Politics and Science, Kirk and Spock

The science driving our technological age is largely absent from the 2012 U.S. Presidential campaigns.  Though it may seem curious that the wellspring of our medical, military, computer, and economic advancements is unnoticed by the major party candidates, we should be grateful.

In much the same way that armies have ever clamored to claim God to their side, Republicans and Democrats have in recent years argued over which party stood with science.   A compliant media has awarded Democrats the mantle of the science party, but that is of course untrue.  For their part Republican claims to scientific fidelity have always rang hollow.

Which faction then is the true Party of Science?

Critics argue that it cannot be Republicans for large numbers of the party faithful remain suspicious of man-made global warming, challenge the validity of evolution, and oppose stem cell research.  Data proves those critics right, yet I tend to be somewhat forgiving of Republican scientific heresy because I think it more nuanced than given credit.  For instance, one can oppose embryonic stem cell research while supporting the more promising, and thus far more fruitful, research done on adult stem cells.  Evolution easily exists alongside belief in God, and global warming still demands much more research and policy discussion.  Despite this quibbling there is no doubt that the G.O.P. elephant does not march to the drumbeat of science.

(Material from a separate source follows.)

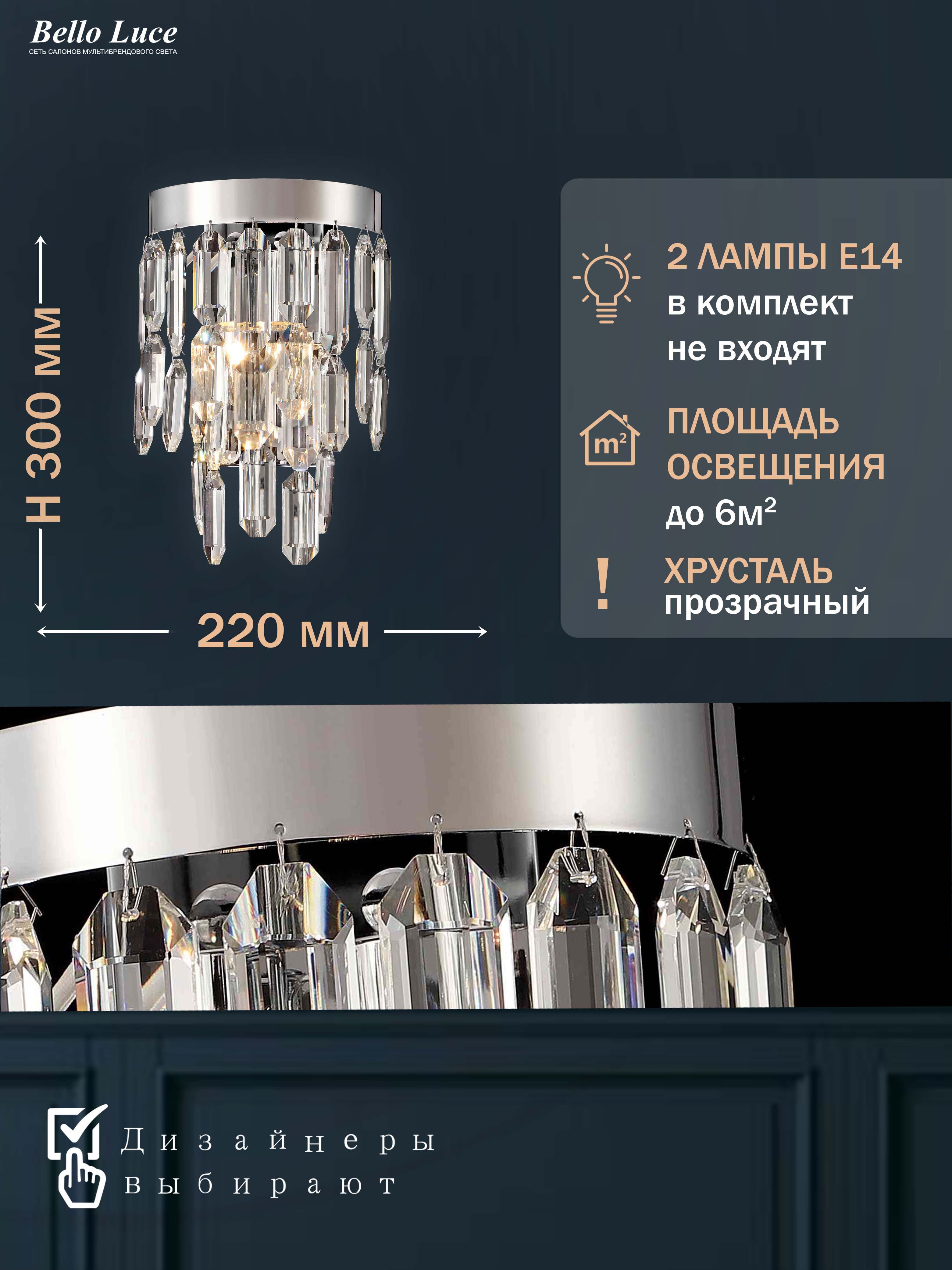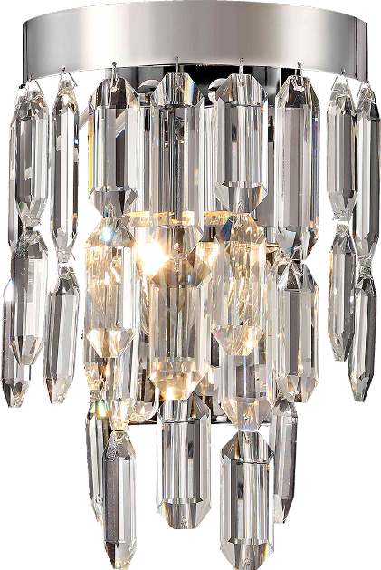 Компания Мегасвет предлагает вам оптом и в розницу Светильник настенный Cristallo хром с прозрачными хрустальными подвесками, бра на 2 лампы E14 по цене 6930 рублей.

Though they may fancy themselves disciples of science, Democrats record of anti-science positions is too extensive to be ignored.  As Alex Berezow, the editor of RealClearScience, points out, Democrats are reflexively opposed to bio-engineered foods, nuclear energy, vaccines, and use of animals in medical research, among others.  It is also true that federal spending on research and development peaked under George W. Bush while President Obama, for all his profligate spending, has cut R&D spending by $12 billion.  For good measure, while 51 percent of Republican reject biological evolution, so too do 42 percent of Democrats, according to Pew Research.

The point is that neither party is an unswerving ally of science.  The more relevant question is which party is more hostile to science.  By hostility I do not mean rejection of certain scientific claims, but rather an indifference to, or ignorance of, what science actually is.   Regarding science, my hope is for a political party that does not politicize science.

Carl Sagan said “science is much more a way of thinking than it is a body of knowledge.”   Science is a process that, as Richard Feynman pointed out, merely moves from ignorance to curiosity to diminishing degrees of doubt, not certainty.  Science, broadly understood, needs to be nurtured and ceaselessly explored. Science, therefore, is a tool, not a goal.

While science achieves and advances we should be hesitant to accept it as a master.  Consider which man you would rather have at the helm, James Tiberius Kirk or Spock.

Science is not equipped to make policy because it lacks the capacity for moral judgment.  Science can not account for the human spirit, or ideas of charity, valor, compassion, or courage.  There is more to an individual and a community than science can reliably predict.  The relationship of Captain Kirk and Mr. Spock should be an instructive one for our politics.  Spock is ever the most valuable and trusted subordinate, but he is no Kirk.  Kirk, for his part, utilizes and respects Spock, but knows his limits.

May science live long and prosper near our political system, but never should it rule politics.